A goal without a plan for achieving it is like a New Year’s Day declaration to lose weight. Unless you pick a realistic number of pounds to lose by a certain date, schedule a series of weigh-ins along the way, and prioritize changes to your diet and exercise regime, your pants size is going to stay the same. Learn how to turn 5 common goal setting “don’ts” into “dos” that benefit your bottom line and make growth a reality.

Effective goal setting is the key to entrepreneurial success. The good news is you don’t have to read an entire book or take an online course to get it right. Learn from the mistakes of others by simply avoiding these 5 pitfalls:

 

1. Lack of specificity

In other words, Keep It Specific, Stupid (the Anequim version of K.I.S.S.). Take the time to flush your goals out. What are the deliverables? What are the milestones? What does winning look like? Take a look at the two examples below. Which one has the better chance for success?

  • Create a learning platform
  • Create a training program with 8 videos and tests for onboarding a new employee

 

2. Lack of accountability

Meetings are great only if they are effective, so assign a note taker, and then distribute the notes to all who attended the meeting (and others in your company who need that information). Who is responsible for what? What are the timelines? What is the process for reporting and correcting issues that pop up?

 

3. Lack of completion

Take the time to set meaningful goals each quarter, then DON’T CHANGE THEM MID-QUARTER. Your team needs clear direction. If you change it every few weeks, they’ll simply stop trying to chase a moving target. There’s nothing worse than working your tail off on a task and then not being allowed to take it to a successful conclusion. Beware of Shiny Object Syndrome – it’s a motivation killer that will drive your team bonkers. The graveyard of half-executed ideas is a business expense you can’t afford.

 

4. Lack of prioritization

If you don’t take the time to prioritize your goals on the front end, the road ahead will be filled with potholes. Be realistic about what you can accomplish in a quarter. What is urgent? What is essential? What can wait until the next quarter? For example, it’s awesome to come back from a conference with 10 new ideas. But before you head off in 10 different directions, think about which ideas relate to your vision. Which will generate the most income or help you grow the most?

 

5. Lack of realism

Set goals that are achievable, not aspirational, then lead by example. Show your team how to set and achieve goals so they can model your behavior. Make sure your project lead has what it takes to succeed. If a project turns out to be too difficult for the lead you’ve chosen, move it to someone else after 90 days. Being realistic about the hows (how long, how much time, how many resources) and your team’s abilities on the front end will increase the likelihood of goal/project completion.

Aspirational Goal:

  • I am going to be the king of sales.

Achievable Goal:

  • I am going to set a new record for closed deals in my region in 2022.

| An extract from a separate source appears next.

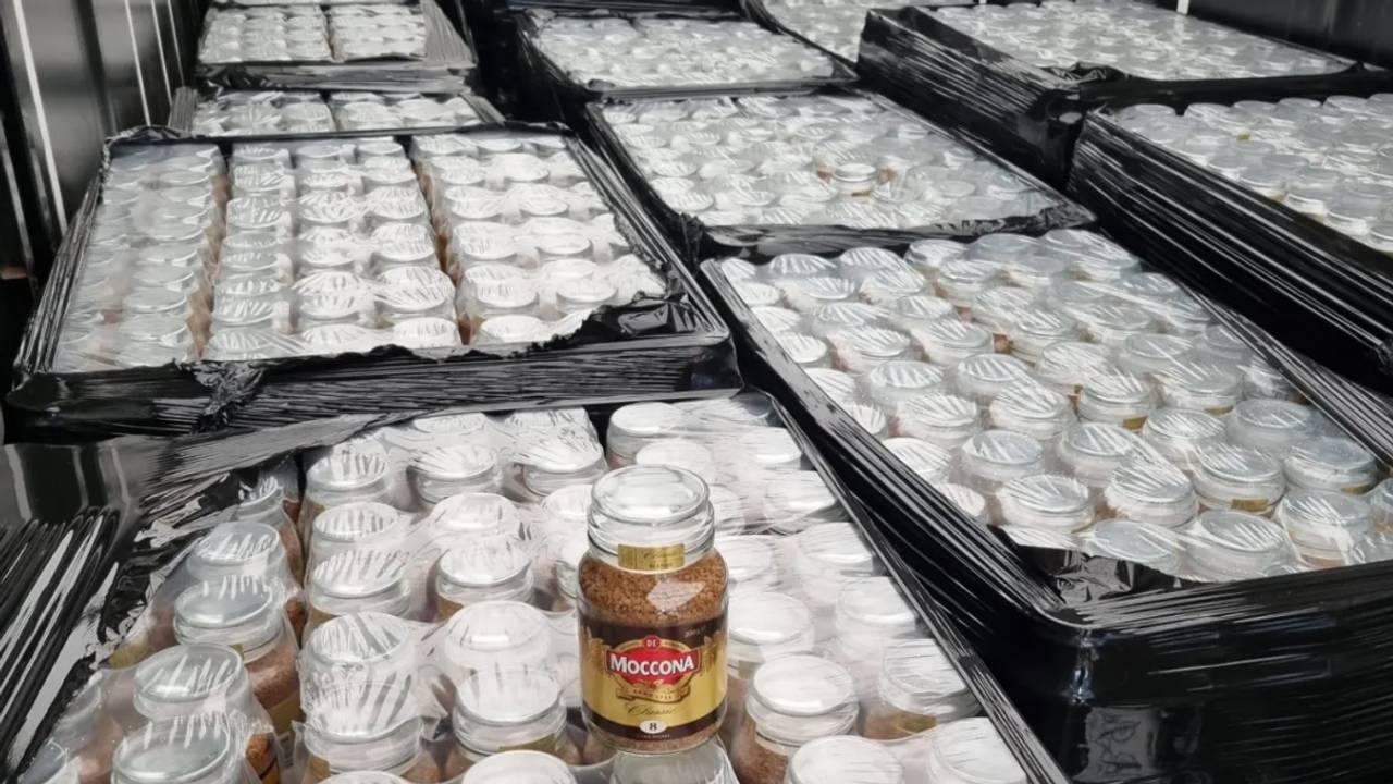 Het ging daarbij om dozen vol met namaakkleding, elektronica, paardensportkleding en drank. Maar het ‘hoogtepunt’ volgde in de laatste container. Daarin trof de politie maar liefst twintig pallets met gestolen koffie, goed voor ruim 2400 kilo

It’s the exact opposite of the “do as I say, not as I do” advice your mom gave you.

 

Want to continue the discussion? Check out this episode of Bootstrappers or this episode.

 

 

Gwenn’s Short Take

When you’re finished with a project, take the time to review what went well and what didn’t with your team. It’s an opportunity for you to provide professional coaching in a non-threatening environment…the ideal way for them to learn. This reflection time will allow your team to increase its business acumen and be better equipped to carry out your next project.